# Assignment
Give the data below again exactly, and drop each picture from it.

# Data under study

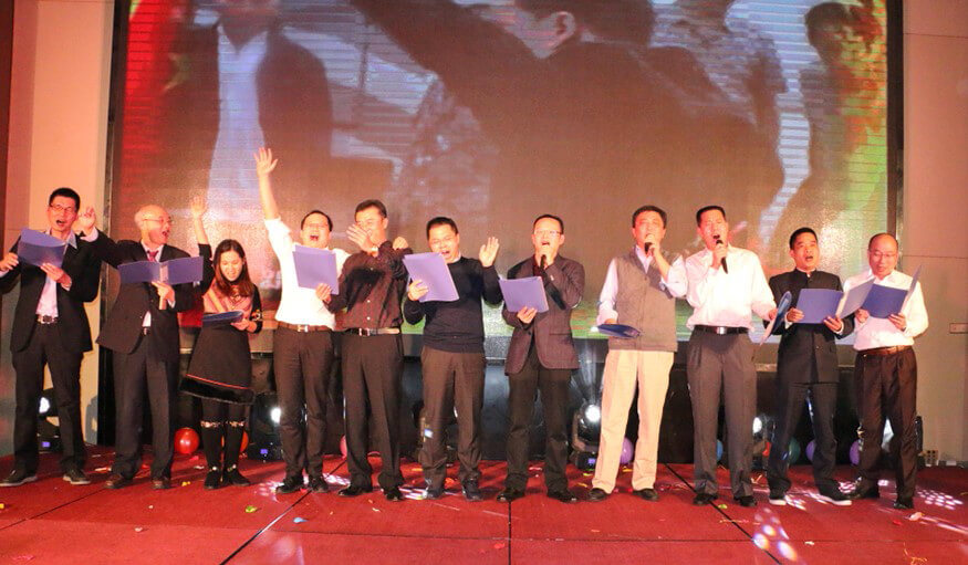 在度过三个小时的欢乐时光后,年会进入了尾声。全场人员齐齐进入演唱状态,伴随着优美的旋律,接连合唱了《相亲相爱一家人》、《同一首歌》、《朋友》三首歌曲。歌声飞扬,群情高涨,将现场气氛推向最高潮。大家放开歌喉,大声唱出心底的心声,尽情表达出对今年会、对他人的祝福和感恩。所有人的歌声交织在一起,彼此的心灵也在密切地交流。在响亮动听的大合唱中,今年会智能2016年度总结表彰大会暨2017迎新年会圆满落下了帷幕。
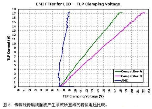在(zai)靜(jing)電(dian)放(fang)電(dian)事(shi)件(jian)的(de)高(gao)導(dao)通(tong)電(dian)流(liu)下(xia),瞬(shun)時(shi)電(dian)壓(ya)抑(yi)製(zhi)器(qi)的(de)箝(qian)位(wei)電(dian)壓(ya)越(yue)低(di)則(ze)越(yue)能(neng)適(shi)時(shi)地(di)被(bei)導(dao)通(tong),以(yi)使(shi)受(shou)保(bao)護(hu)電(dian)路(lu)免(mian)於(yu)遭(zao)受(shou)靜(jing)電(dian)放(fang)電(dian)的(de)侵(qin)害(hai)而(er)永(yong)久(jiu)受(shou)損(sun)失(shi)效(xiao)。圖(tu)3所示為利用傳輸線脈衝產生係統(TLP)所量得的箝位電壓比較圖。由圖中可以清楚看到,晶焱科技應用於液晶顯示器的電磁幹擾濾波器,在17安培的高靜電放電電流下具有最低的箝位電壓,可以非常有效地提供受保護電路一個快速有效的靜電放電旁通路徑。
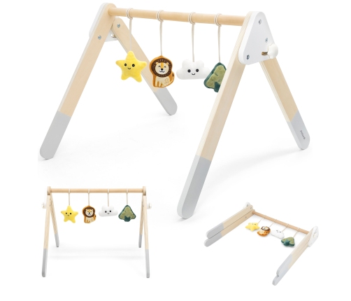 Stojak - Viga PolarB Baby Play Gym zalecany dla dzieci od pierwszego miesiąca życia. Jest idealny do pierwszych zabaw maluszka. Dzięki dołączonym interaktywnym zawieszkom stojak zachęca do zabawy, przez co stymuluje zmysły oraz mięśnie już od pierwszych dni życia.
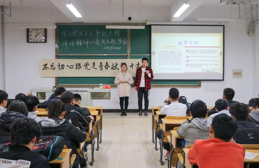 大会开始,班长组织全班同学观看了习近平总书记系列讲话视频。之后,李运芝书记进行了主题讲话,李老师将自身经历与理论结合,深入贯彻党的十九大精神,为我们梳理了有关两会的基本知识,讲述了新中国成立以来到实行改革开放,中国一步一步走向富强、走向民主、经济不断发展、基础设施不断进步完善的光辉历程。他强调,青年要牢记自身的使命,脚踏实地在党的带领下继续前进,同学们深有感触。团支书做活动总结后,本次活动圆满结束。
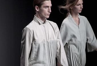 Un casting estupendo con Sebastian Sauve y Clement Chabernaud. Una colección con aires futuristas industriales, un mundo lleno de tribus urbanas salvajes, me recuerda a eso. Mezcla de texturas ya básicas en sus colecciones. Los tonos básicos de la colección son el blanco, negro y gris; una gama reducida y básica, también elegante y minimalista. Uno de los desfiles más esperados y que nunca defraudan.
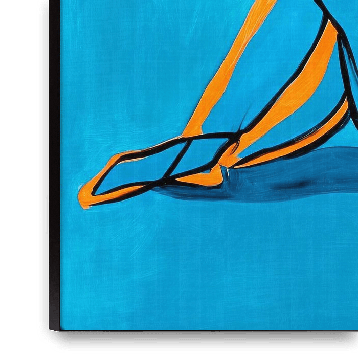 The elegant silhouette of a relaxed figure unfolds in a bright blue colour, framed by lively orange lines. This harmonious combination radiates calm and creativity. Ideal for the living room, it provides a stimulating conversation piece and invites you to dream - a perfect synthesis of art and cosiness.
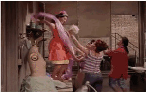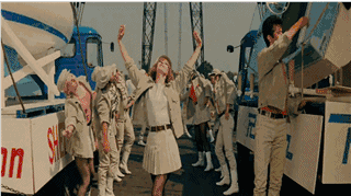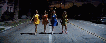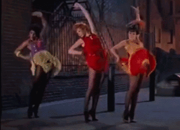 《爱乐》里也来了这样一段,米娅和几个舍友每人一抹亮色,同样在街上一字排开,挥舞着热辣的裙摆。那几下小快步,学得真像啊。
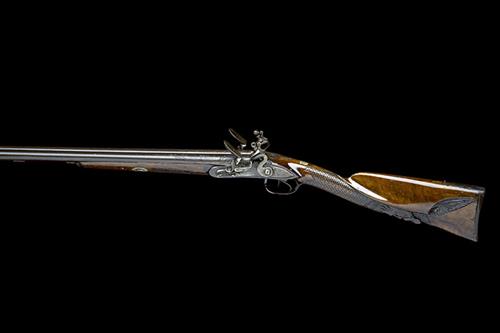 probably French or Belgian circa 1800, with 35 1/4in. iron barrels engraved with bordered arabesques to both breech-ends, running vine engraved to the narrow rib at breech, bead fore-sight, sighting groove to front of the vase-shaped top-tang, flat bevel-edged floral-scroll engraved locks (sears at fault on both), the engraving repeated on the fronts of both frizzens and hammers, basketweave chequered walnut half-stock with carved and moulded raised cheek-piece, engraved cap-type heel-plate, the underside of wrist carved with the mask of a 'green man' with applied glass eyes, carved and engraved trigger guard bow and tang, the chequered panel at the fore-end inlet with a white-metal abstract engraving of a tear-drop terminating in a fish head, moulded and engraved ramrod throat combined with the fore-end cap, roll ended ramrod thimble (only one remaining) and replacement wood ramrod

# Written reply
 在度过三个小时的欢乐时光后,年会进入了尾声。全场人员齐齐进入演唱状态,伴随着优美的旋律,接连合唱了《相亲相爱一家人》、《同一首歌》、《朋友》三首歌曲。歌声飞扬,群情高涨,将现场气氛推向最高潮。大家放开歌喉,大声唱出心底的心声,尽情表达出对今年会、对他人的祝福和感恩。所有人的歌声交织在一起,彼此的心灵也在密切地交流。在响亮动听的大合唱中,今年会智能2016年度总结表彰大会暨2017迎新年会圆满落下了帷幕。
在(zai)靜(jing)電(dian)放(fang)電(dian)事(shi)件(jian)的(de)高(gao)導(dao)通(tong)電(dian)流(liu)下(xia),瞬(shun)時(shi)電(dian)壓(ya)抑(yi)製(zhi)器(qi)的(de)箝(qian)位(wei)電(dian)壓(ya)越(yue)低(di)則(ze)越(yue)能(neng)適(shi)時(shi)地(di)被(bei)導(dao)通(tong),以(yi)使(shi)受(shou)保(bao)護(hu)電(dian)路(lu)免(mian)於(yu)遭(zao)受(shou)靜(jing)電(dian)放(fang)電(dian)的(de)侵(qin)害(hai)而(er)永(yong)久(jiu)受(shou)損(sun)失(shi)效(xiao)。圖(tu)3所示為利用傳輸線脈衝產生係統(TLP)所量得的箝位電壓比較圖。由圖中可以清楚看到,晶焱科技應用於液晶顯示器的電磁幹擾濾波器,在17安培的高靜電放電電流下具有最低的箝位電壓,可以非常有效地提供受保護電路一個快速有效的靜電放電旁通路徑。
 Stojak - Viga PolarB Baby Play Gym zalecany dla dzieci od pierwszego miesiąca życia. Jest idealny do pierwszych zabaw maluszka. Dzięki dołączonym interaktywnym zawieszkom stojak zachęca do zabawy, przez co stymuluje zmysły oraz mięśnie już od pierwszych dni życia.
 大会开始,班长组织全班同学观看了习近平总书记系列讲话视频。之后,李运芝书记进行了主题讲话,李老师将自身经历与理论结合,深入贯彻党的十九大精神,为我们梳理了有关两会的基本知识,讲述了新中国成立以来到实行改革开放,中国一步一步走向富强、走向民主、经济不断发展、基础设施不断进步完善的光辉历程。他强调,青年要牢记自身的使命,脚踏实地在党的带领下继续前进,同学们深有感触。团支书做活动总结后,本次活动圆满结束。
 Un casting estupendo con Sebastian Sauve y Clement Chabernaud. Una colección con aires futuristas industriales, un mundo lleno de tribus urbanas salvajes, me recuerda a eso. Mezcla de texturas ya básicas en sus colecciones. Los tonos básicos de la colección son el blanco, negro y gris; una gama reducida y básica, también elegante y minimalista. Uno de los desfiles más esperados y que nunca defraudan.
 The elegant silhouette of a relaxed figure unfolds in a bright blue colour, framed by lively orange lines. This harmonious combination radiates calm and creativity. Ideal for the living room, it provides a stimulating conversation piece and invites you to dream - a perfect synthesis of art and cosiness.
 《爱乐》里也来了这样一段,米娅和几个舍友每人一抹亮色,同样在街上一字排开,挥舞着热辣的裙摆。那几下小快步,学得真像啊。
 probably French or Belgian circa 1800, with 35 1/4in. iron barrels engraved with bordered arabesques to both breech-ends, running vine engraved to the narrow rib at breech, bead fore-sight, sighting groove to front of the vase-shaped top-tang, flat bevel-edged floral-scroll engraved locks (sears at fault on both), the engraving repeated on the fronts of both frizzens and hammers, basketweave chequered walnut half-stock with carved and moulded raised cheek-piece, engraved cap-type heel-plate, the underside of wrist carved with the mask of a 'green man' with applied glass eyes, carved and engraved trigger guard bow and tang, the chequered panel at the fore-end inlet with a white-metal abstract engraving of a tear-drop terminating in a fish head, moulded and engraved ramrod throat combined with the fore-end cap, roll ended ramrod thimble (only one remaining) and replacement wood ramrod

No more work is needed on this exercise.